_Provided material_:
● ● ● ● ● ● ●

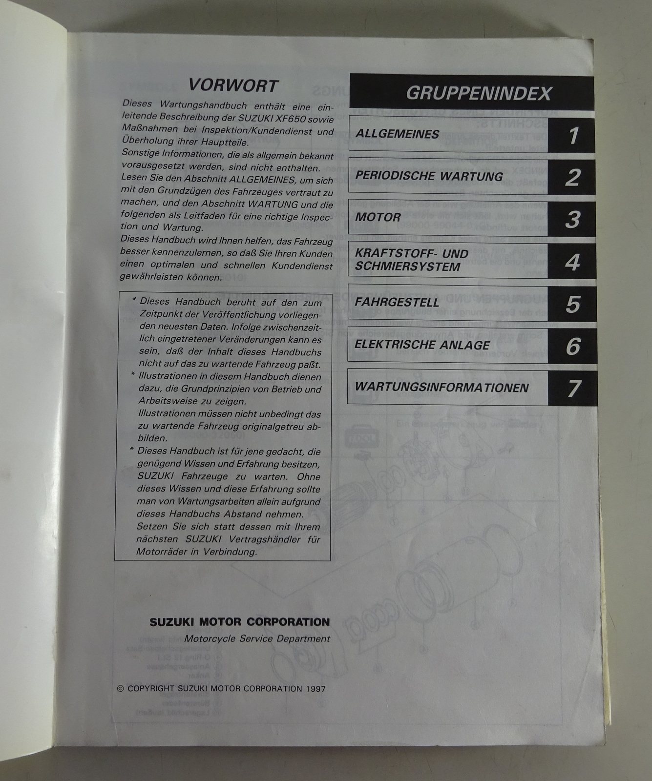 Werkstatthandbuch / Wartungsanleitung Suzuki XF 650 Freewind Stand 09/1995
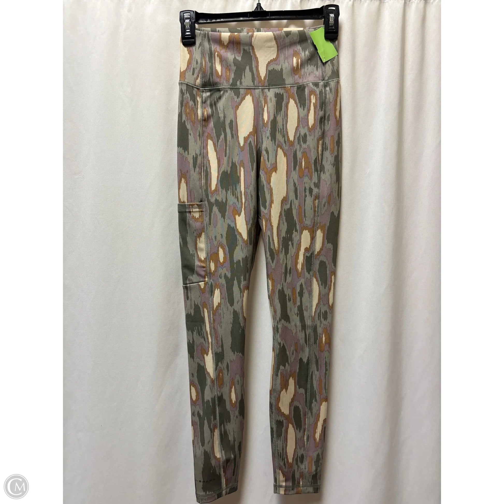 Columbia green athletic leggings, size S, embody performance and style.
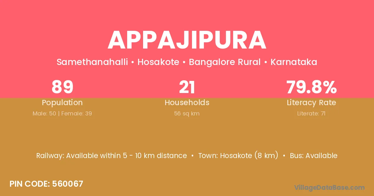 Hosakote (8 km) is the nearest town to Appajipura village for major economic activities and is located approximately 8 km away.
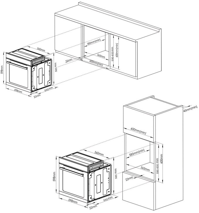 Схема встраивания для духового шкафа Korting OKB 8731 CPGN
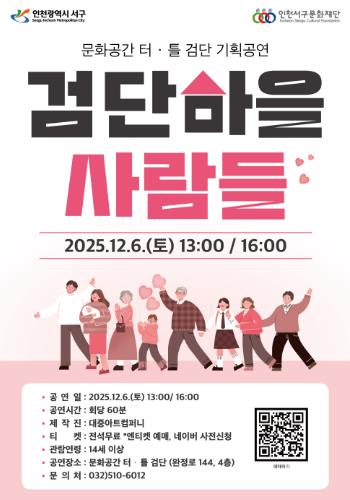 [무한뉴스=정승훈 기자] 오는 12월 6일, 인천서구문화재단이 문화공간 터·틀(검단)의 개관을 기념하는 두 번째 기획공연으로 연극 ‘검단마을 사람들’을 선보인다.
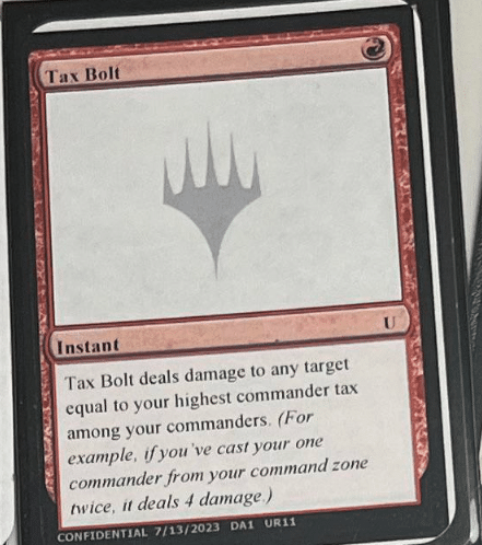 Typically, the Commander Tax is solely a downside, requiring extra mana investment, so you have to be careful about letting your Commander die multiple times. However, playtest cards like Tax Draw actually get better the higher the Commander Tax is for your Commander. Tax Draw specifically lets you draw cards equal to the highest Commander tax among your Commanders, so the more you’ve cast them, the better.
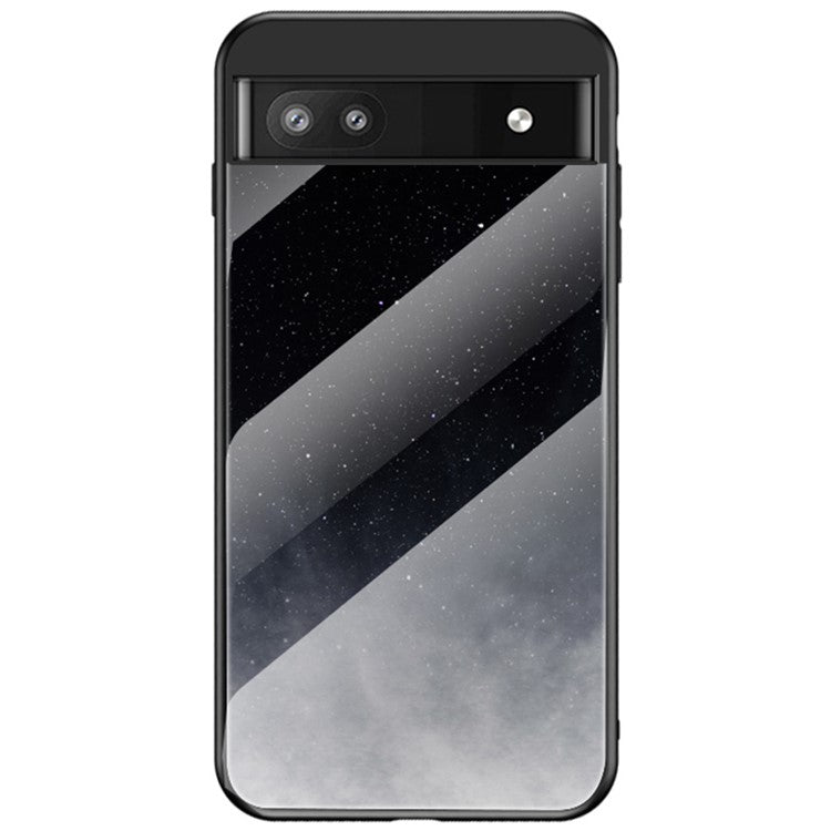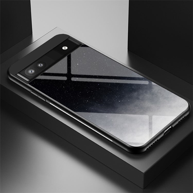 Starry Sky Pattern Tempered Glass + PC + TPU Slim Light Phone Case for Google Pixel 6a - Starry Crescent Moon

● ● ● ● ● ● ●

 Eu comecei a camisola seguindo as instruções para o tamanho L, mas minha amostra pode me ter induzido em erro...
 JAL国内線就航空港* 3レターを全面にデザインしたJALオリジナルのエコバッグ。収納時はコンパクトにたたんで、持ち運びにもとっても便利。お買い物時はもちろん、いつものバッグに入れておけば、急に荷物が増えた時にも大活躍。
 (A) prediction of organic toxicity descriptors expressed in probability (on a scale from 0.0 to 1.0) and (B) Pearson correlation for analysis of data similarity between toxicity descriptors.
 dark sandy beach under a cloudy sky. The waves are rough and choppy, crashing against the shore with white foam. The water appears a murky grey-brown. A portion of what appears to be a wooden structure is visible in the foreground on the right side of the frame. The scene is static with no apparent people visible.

● ● ● ● ● ● ●

_Task objective_: Within the listing above, write out the stretch from the line with "Схема встраивания для" through the line with "[무한뉴스=정승훈 기자] 오는" exactly. Any pictures are to be left out.

_Answer for the task_:
 Схема встраивания для духового шкафа Korting OKB 8731 CPGN
 [무한뉴스=정승훈 기자] 오는 12월 6일, 인천서구문화재단이 문화공간 터·틀(검단)의 개관을 기념하는 두 번째 기획공연으로 연극 ‘검단마을 사람들’을 선보인다.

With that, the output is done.